The agents have been taken offline so that explains why status shows a lack of current leadership. It's hard to tell what was in play when the relation was established. But the status history does appear to show the relation-joined hooks were run for the relation in the same model (even though status still shows "joining")

eg

- _id: 611d2dda1a26d7cdb2d7d028
  globalkey: u#rsyslog-forwarder-ha/11
  model-uuid: 42c0192f-6be6-4478-84c5-ad33f6a42394
  status: executing
  statusdata: {}
  statusinfo: running juju-info-relation-joined hook for cinder/1

But I can't see a log entry for the cross model, even though the data looks correct.

There's not enough logging in the right places in the unit agent to definitively say right now what the root cause is for these discrepancies. We may need to add more logging as well as the above PRs.

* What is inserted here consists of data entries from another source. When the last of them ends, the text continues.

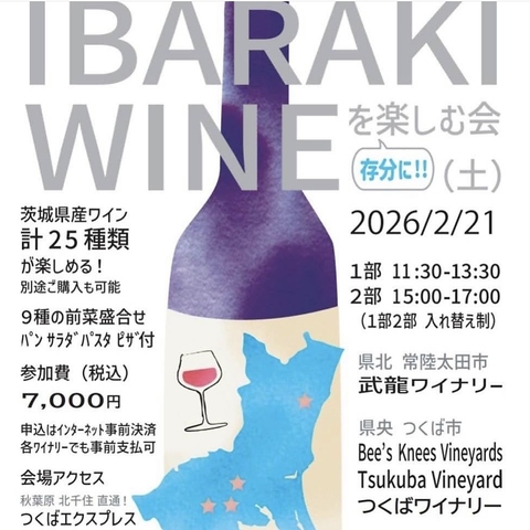 2月21日(土)茨城県産ワインを存分に楽しめるイベントを開催!県内ワイナリーのワイン全25種類を飲み比べ。9種の前菜盛り合わせに、パン・パスタ・ピザ付き!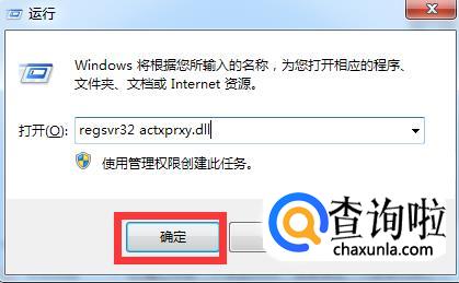 在运行里面输入“regsvr32 actxprxy.dll”,点击确定。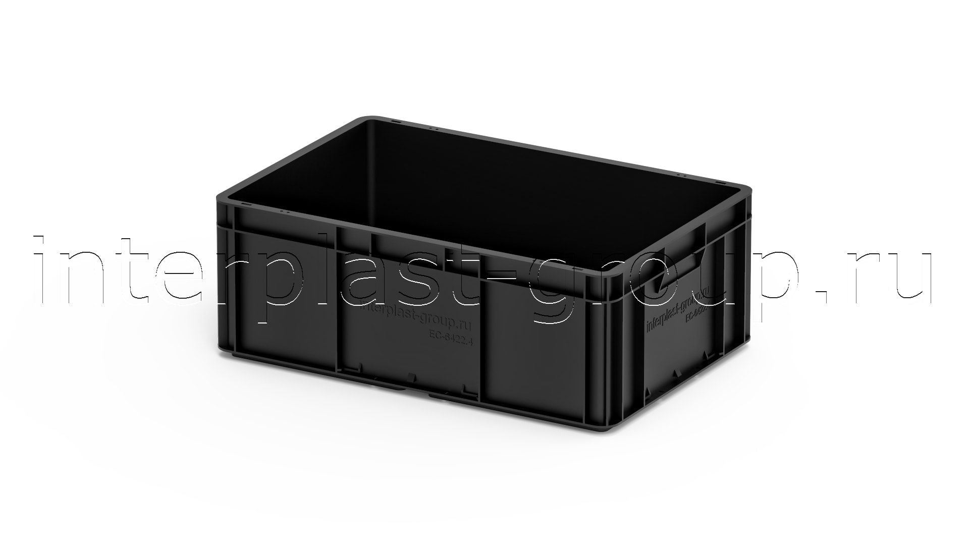 Евроконтейнер закрытые ручки/усиленное дно (черный), 600x400x220 мм
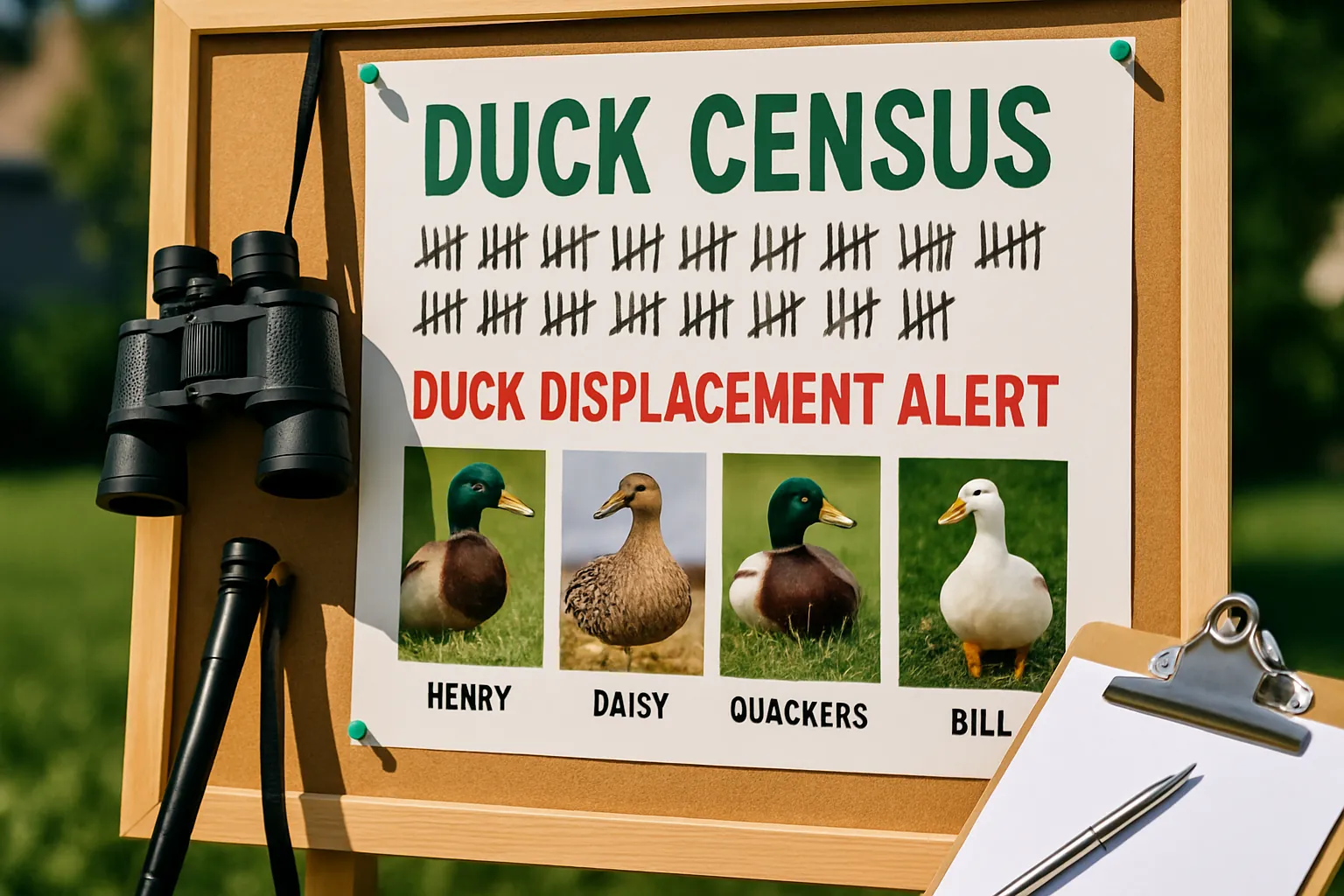 The supposed Fowl Relocation Program has electrified community boards and sparked emergency town meetings. Concerned residents have flooded city hotlines with questions about duck census numbers and avian rights. Local leaders have called for transparency and immediate action to halt any further bird movements until a full public inquiry can be completed.

Revision history for this message
Ian Booth (wallyworld) wrote :

The logs we have (logsink from machine 2) have entries indicating that some units in a cross model relation are entering the scope of the relation, which is a prerequisite for running the relation-joined hook.

eg

2021-08-26 02:18:59 DEBUG juju.apiserver.common.crossmodel crossmodel.go:124 remote application for changed relation remote-5816942fe3a54d858170eb1f7fd25eb9:ceph use01-ceph-mon:client is remote-5816942fe3a54d858170eb1f7fd25eb9 in model b5c17291-b581-4144-8148-a81c1e9cd4dd
2021-08-26 02:18:59 DEBUG juju.apiserver.common.crossmodel crossmodel.go:166 remote-5816942fe3a54d858170eb1f7fd25eb9/18 entering scope (map[egress-subnets:172.25.80.132/32 ingress-address:172.25.80.132 private-address:172.25.80.132])

Note

"..... remote application for changed relation xxxx ..."
and
" xxxx/0 entering scope ...."

The thing is that these are for the offering model. I don't see any corresponding log entries to say that the (say ceph related) units on the consuming side have received change events. It could be that one or more the issues with "not found" errors is preventing the event processing from completing, though am not 100% sure yet.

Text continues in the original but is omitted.